On Thursday, December 11, 2014, Rep. Andy Harris (R-MD) introduced the American Solution for Simplifying the Estate Tax Act, or ‘ASSET Act', of 2014 (H.R. 5872). The bill was introduced into the U.S. House of Representatives in the 113th Congress and has since been referred to the House Committee on Ways and Means.

== Structure ==
ASSET is a 501 (c)(4) non-profit organization, which was founded in 2010 in order to advocate for a change in the collection method for the federal estate tax. Fitzgerald remains in the role of chairman of ASSET. In 2011, ASSET hired former U.S. Representative Phil English, a Pennsylvania Republican who was a member of the tax-writing House Ways and Means Committee, as a lobbyist. The day-to-day functions and activities conducted by ASSET are led by its president, Rob Smith, and Jordan Silverman, a former researcher at Adventist HealthCare who joined in 2014.

== The ASSET proposal ==
Under the ASSET proposal the value of an estate is determined by economic and market conditions. Death is not treated as an economic event as it is under current federal tax law. The ASSET proposal eliminates death as a taxable event by allowing individuals to make what the group describes as a down payment on their estate taxes during their earning years. The assets in these individuals' estates would later be taxed at the capital gains rate at the time of the actual sale, regardless of how long the individual has been deceased. This program would be completely voluntary and therefore would not involve a new tax being imposed by the United States Congress. Those taxpayers who opt in to the ASSET plan would pay surcharge on their annual income while they are alive and no estate tax would be assessed once they have died, only when an heir sells an asset.

Diana Furchgott-Roth, former chief economist for the U.S. Department of Labor and a senior fellow at the Manhattan Institute, mentioned the ASSET proposal as one to be considered when discussing estate tax reform. She said that state taxes levied on family farms and businesses could necessitate the sale of those entities to pay the tax, so changing the timing of taxation would enable families to pass their business on rather than sell.

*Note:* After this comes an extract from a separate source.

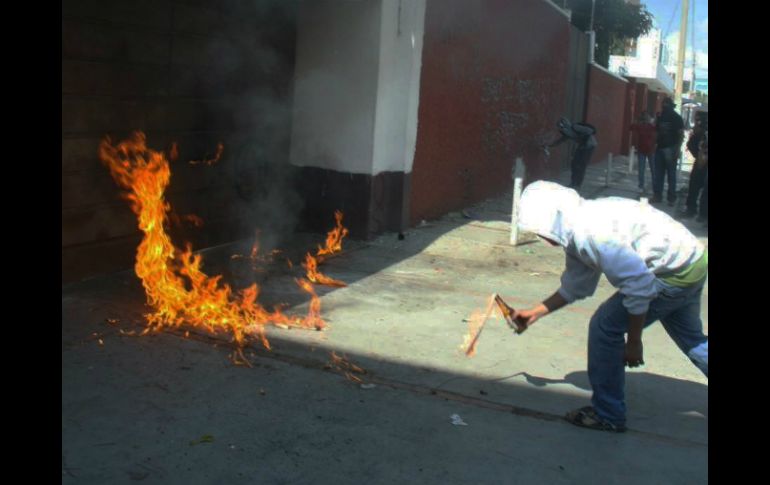 México | Autoridades informan que algunos individuos lanzaron bombas molotov al edificio Manifestantes vandalizan sede del PRI en Oaxaca Autoridades informan que algunos individuos lanzaron bombas molotov a la puerta del edificio Por: NTX 17 de noviembre de 2014 - 18:16 hs Un joven intenta incendiar la puerta de las instalaciones del PRI en Oaxaca. EFE / OAXACA, OAXACA (17/NOV/2014).- Una caravana de normalistas y familiares de estudiantes desaparecidos en Iguala, Guerrero, concluyó aquí su movilización con incidentes menores y sólo algunos sujetos lanzaron bombas Molotov a la puerta de la sede del PRI, informaron las autoridades. En un comunicado, la Secretaría de Seguridad Pública de Oaxaca (SSPO) indicó que algunos de los que integraron la movilización lanzaron bombas Molotov al edificio del Partido Revolucionario Institucional (PRI) en Santa Rosa y lesionaron a un reportero gráfico. El paso de la caravana por Oaxaca concluyó en general con "saldo blanco" y el fotógrafo lesionado fue atendido de inmediato por personal del Heroico Cuerpo de Bomberos. Informó que tras el incidente ocurrido en el acceso del edificio del PRI, la Agencia Municipal de Santa Rosa tiene identificados a cuatro individuos quienes portaban pasamontañas, y lanzaron bombas Molotov contra las puertas del recinto. "Se cuenta con fotografías y videos de los responsables del reprobable acto, captados desde el puesto de mando del Centro de Control, Comando y Comunicación (C4), por lo que ya se inició una investigación para dar con los responsables del hecho", señaló. Explicó que desde el pasado domingo la SSPO contactó a los dirigentes partidistas, para implementar una estrategia de seguridad y evitar daños al personal y al inmueble. Indicó que con tiempo a la anunciada movilización, la dependencia emitió las recomendaciones pertinentes para prevenir a negociaciones, organizaciones y propietarios de inmuebles particulares ubicados en el trayecto del contingente, para evitar daños mayores. Durante la manifestación, elementos de la Policía Vial agilizaron el tránsito mediante el par vial implementado sobre la Carretera Internacional tramo Santa Rosa-Brenamiel, con lo que se evitó congestionamientos en la zona. Provenientes del estado de Chiapas, la caravana arribó la madrugada de este lunes para continuar su camino hacia el estado de Morelos, donde han contado durante todo Temas PRI Estados Oaxaca Guerrero Manifestaciones en México Lee También ¿Cuánto cuestan y dónde comprar boletos para el México vs Ecuador? Estos son los centros de acopio en CDMX para apoyar a damnificados por lluvias Avalan nueva Ley Orgánica de la Armada de México México vs Ecuador: ¿Quién ganará el partido según la IA? Recibe las últimas noticias en tu e-mail Todo lo que necesitas saber para comenzar tu día Registrarse implica aceptar los Términos y Condiciones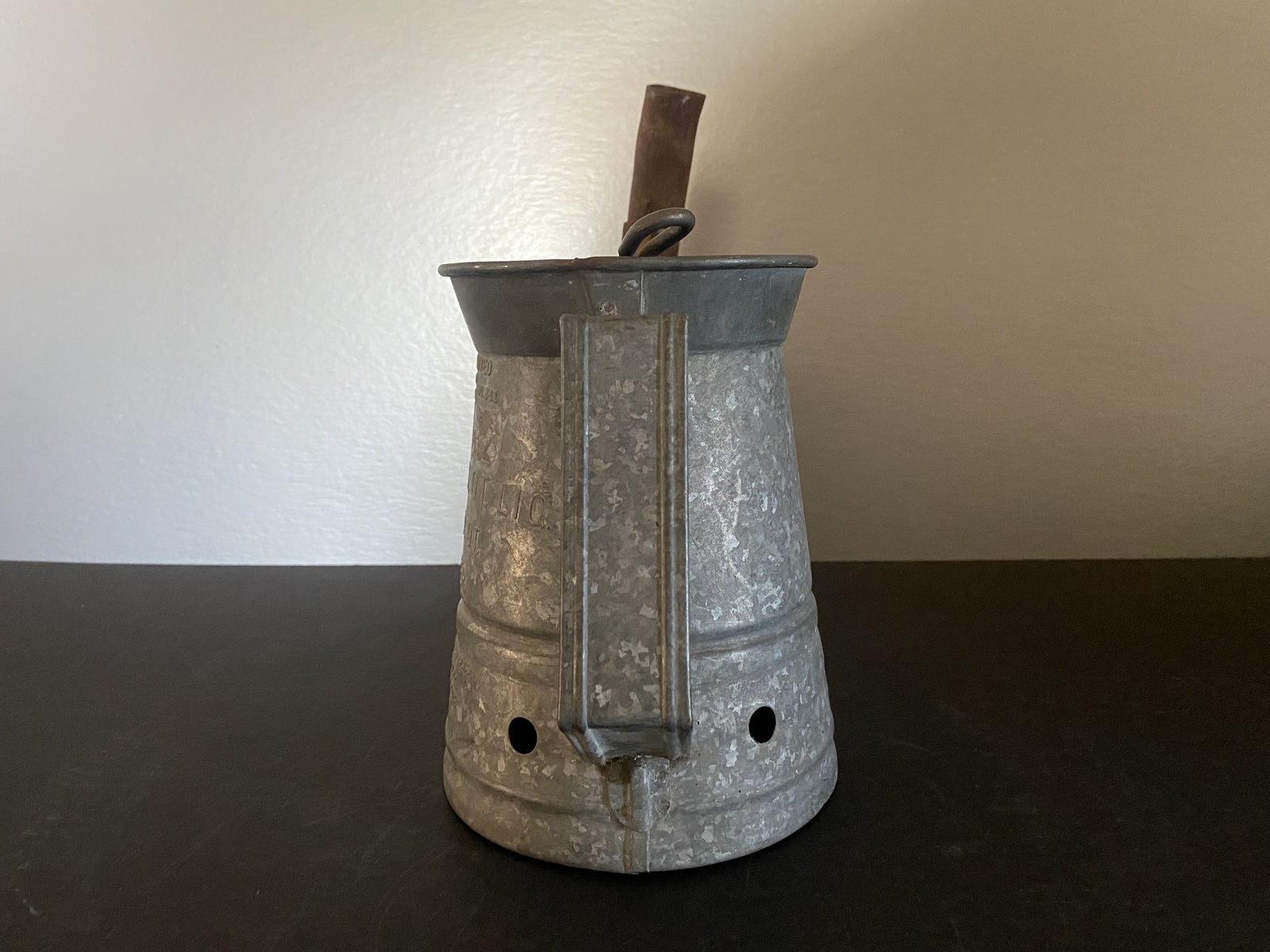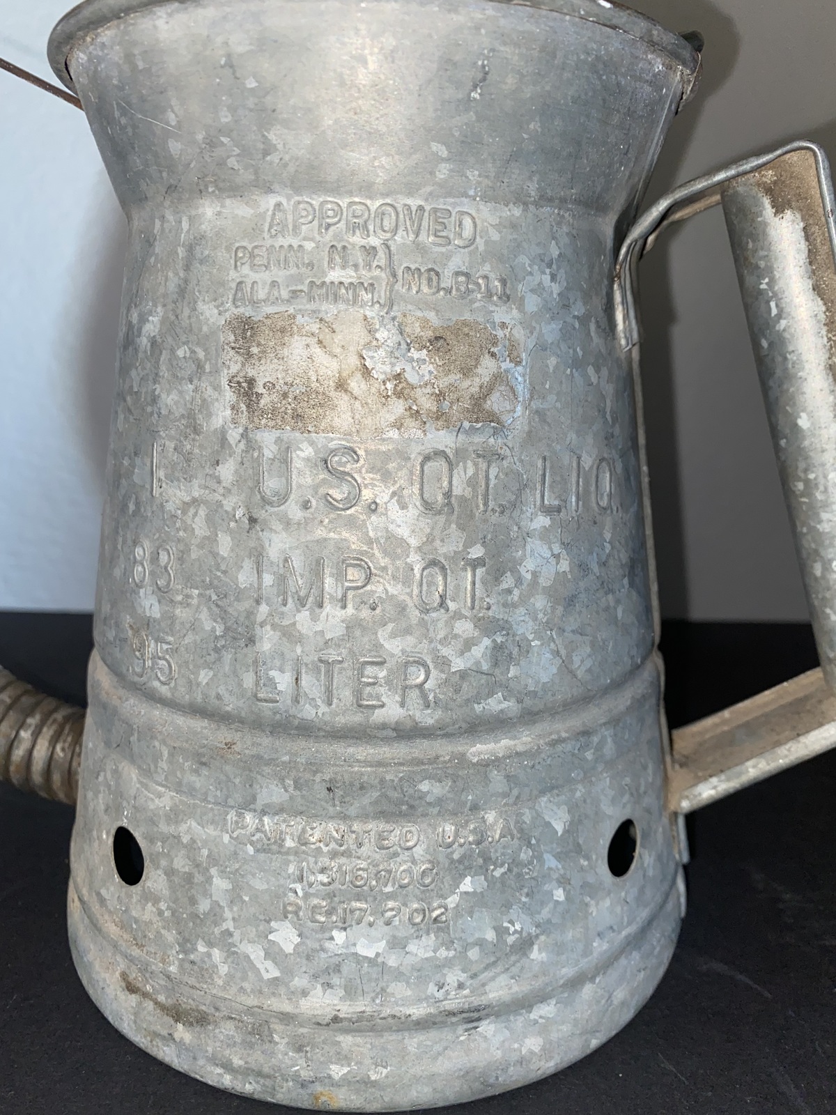 This listing features a 1940's galvanized 1 Qt. oil dispenser with an oil release bore button within. It's in Very good condition, please see our pictures.

Since 2000, high earners in the U.S. have been able to avoid an estimated $100 billion in gift (taxes) and estate taxes through tax code loopholes. ASSET claims that their plan would eliminate loopholes in the current estate tax code, as well as the need for wealthy taxpayers to shelter their assets in trusts to avoid estate taxes upon death. By eliminating incentives for the high earners to hide assets from the IRS through unproductive tax avoidance schemes, ASSET says that such individuals will therefore have to contribute their fair share of taxes to the U.S. Treasury. The group says that its plan is revenue neutral, and described it as permanent solution to the problems of the current estate tax collection method. The group asserts that the proposal would cost the taxpayers nothing.